The first line of the listing opens the range and the line with "frente a Tribunales." closes it; repeat those lines and all between them word for word, leaving out the pictures.

▸ PROVIDED DATA
--- --- ---
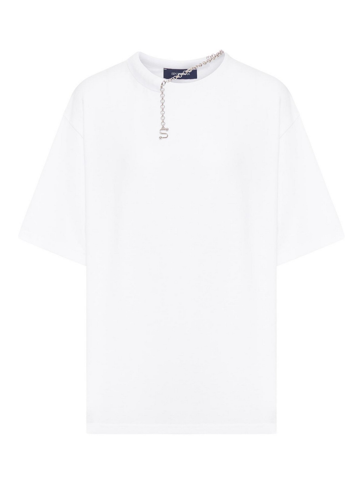 Pure t, shirt, straight fit, round neckline with original construction, ribbed along the edges, special neckline that allows you to a necklace with a personalized pendant, color white
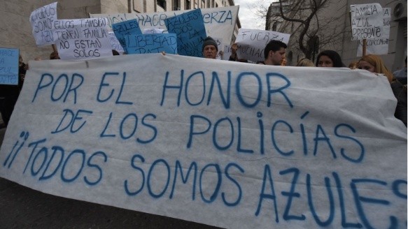 “Por el honor de los policías, todos somos azules”. “Policía vocación salvar vidas”. “Azules firmes y dignos”. “La policía nos cuida”. Tales eran las consignas que este martes al mediodía los familiares de los 16 policías detenidos por la persecución fatal levantaron frente a Tribunales.
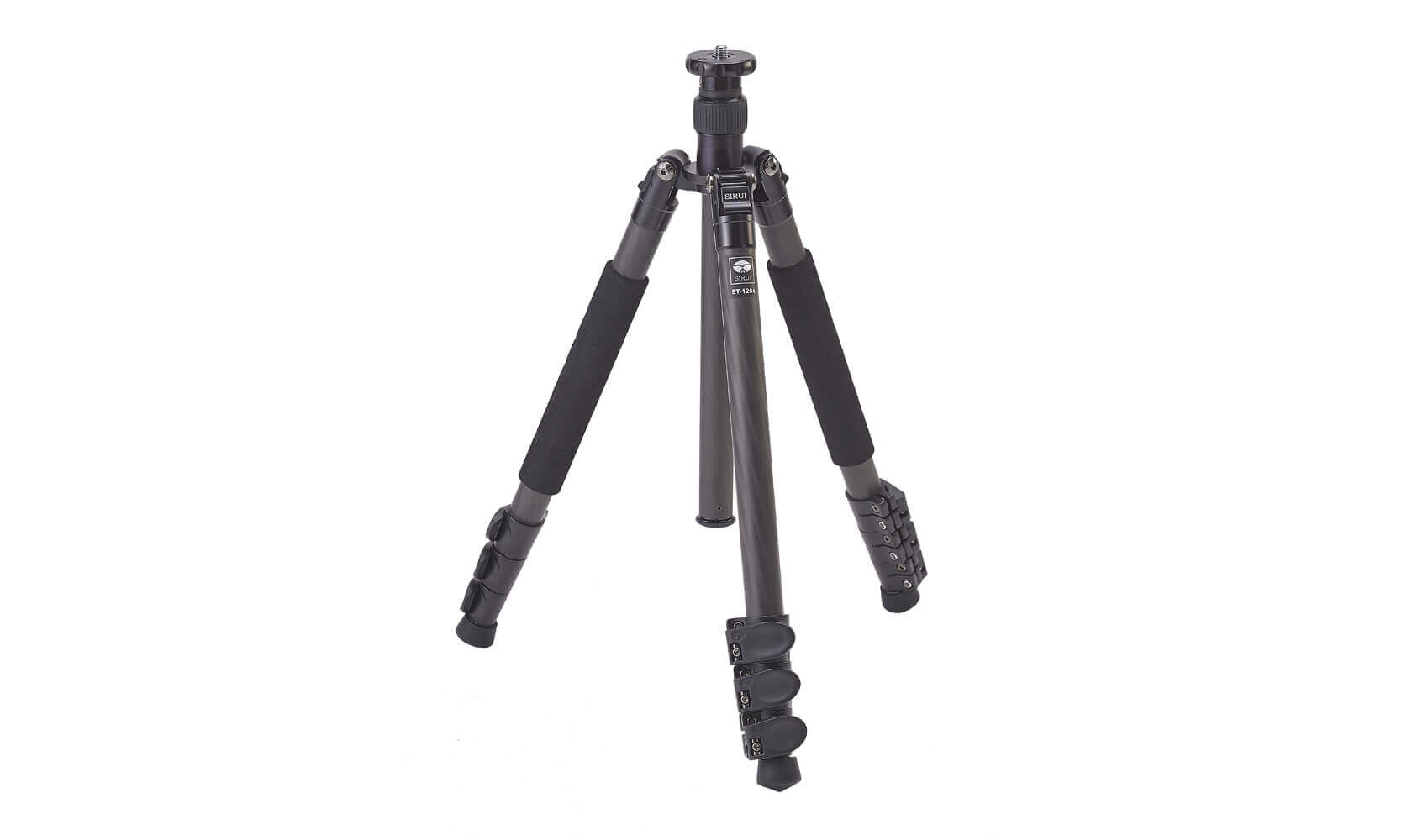TheET-1204 Travel Carbon Fiber TripodfromSiruiis a 4-section support with a flip leg lock system that you can disengage to give you the ability to extend the legs along with the standard rapid center column to a maximum height of 55.1". With its three variable leg angles and independent leg spread, the tripod's legs can conform to uneven terrain; splaying the tripod's legs out and switching the standard center column to the included short column, the support can go to a minimum height of 5.1". The legs fold in the reverse to a compact 16.5" to travel with the tripod, and the rubber feet on the legs prevent the tripod from sliding on smooth and flat surfaces.
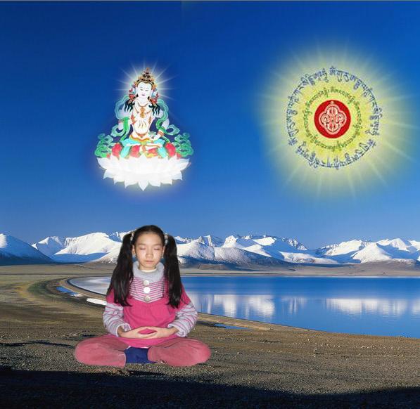 与上师分别以后,慈韵不止一次地跟妈妈说她特别想念上师。但是因为种种原因,她没有机会再见到上师达真堪布。于是她开始做图片,把自己对上师的思念融进了她制作的上师的法像中。06年上师带弟子去拉萨,在布达拉宫,上师用释迦牟尼佛12岁等身像的法衣给弟子们做加持, 慈韵将这个图片上其他师兄的影像换成了自己在接受上师的加持;她把图片做成了自己与上师同坐在莲花上!
--- --- ---
▸ RESPONSE AREA
 Pure t, shirt, straight fit, round neckline with original construction, ribbed along the edges, special neckline that allows you to a necklace with a personalized pendant, color white
 “Por el honor de los policías, todos somos azules”. “Policía vocación salvar vidas”. “Azules firmes y dignos”. “La policía nos cuida”. Tales eran las consignas que este martes al mediodía los familiares de los 16 policías detenidos por la persecución fatal levantaron frente a Tribunales.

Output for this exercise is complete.